DATA BELOW:
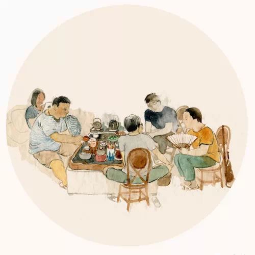 以下是小小画的一些有关喝茶的场景,有土土的,有风雅的,也有一群三八的...人
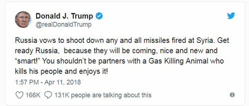 On Wednesday, April 11, President Donald Trump ramped up tensions over Syria by tweeting: “Russia vows to shoot down any and all missiles fired at Syria. Get ready Russia, because they will be coming, nice and new and ‘smart’! You shouldn’t be partners with a Gas Killing Animal who kills his people and enjoys it!”
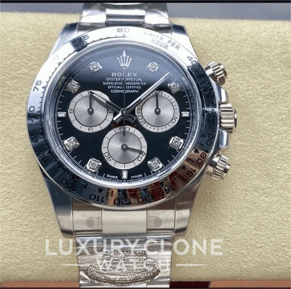 Rolex Daytona 126509-0002 Super Clone is a 40mm with a white gold case and an engraved tachymetric scale. This watch has a comfortable three-piece solid links 18k white gold bracelet with Oysterlock folding clasp. Rolex Super Clone has a beautiful black dial and steel chronograph subdials. This watch also features the diamond-set hour indexes with luminescent markers at 3, 6, and 9 o’clock.
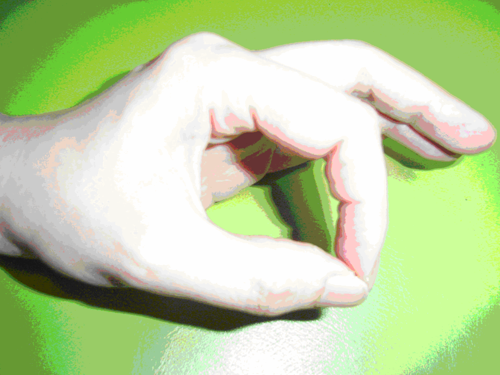 やり方は簡単です。写真のように利き手でない方でOリングを作り、利き手でその指を開くように引っ張ります。

WHAT YOU HAVE TO DO: From the line containing "Rolex Daytona 126509-0002" through the last line of the data above, write out every line word for word, and nothing else. Do not include the pictures.

SOLUTION BELOW:
 Rolex Daytona 126509-0002 Super Clone is a 40mm with a white gold case and an engraved tachymetric scale. This watch has a comfortable three-piece solid links 18k white gold bracelet with Oysterlock folding clasp. Rolex Super Clone has a beautiful black dial and steel chronograph subdials. This watch also features the diamond-set hour indexes with luminescent markers at 3, 6, and 9 o’clock.
 やり方は簡単です。写真のように利き手でない方でOリングを作り、利き手でその指を開くように引っ張ります。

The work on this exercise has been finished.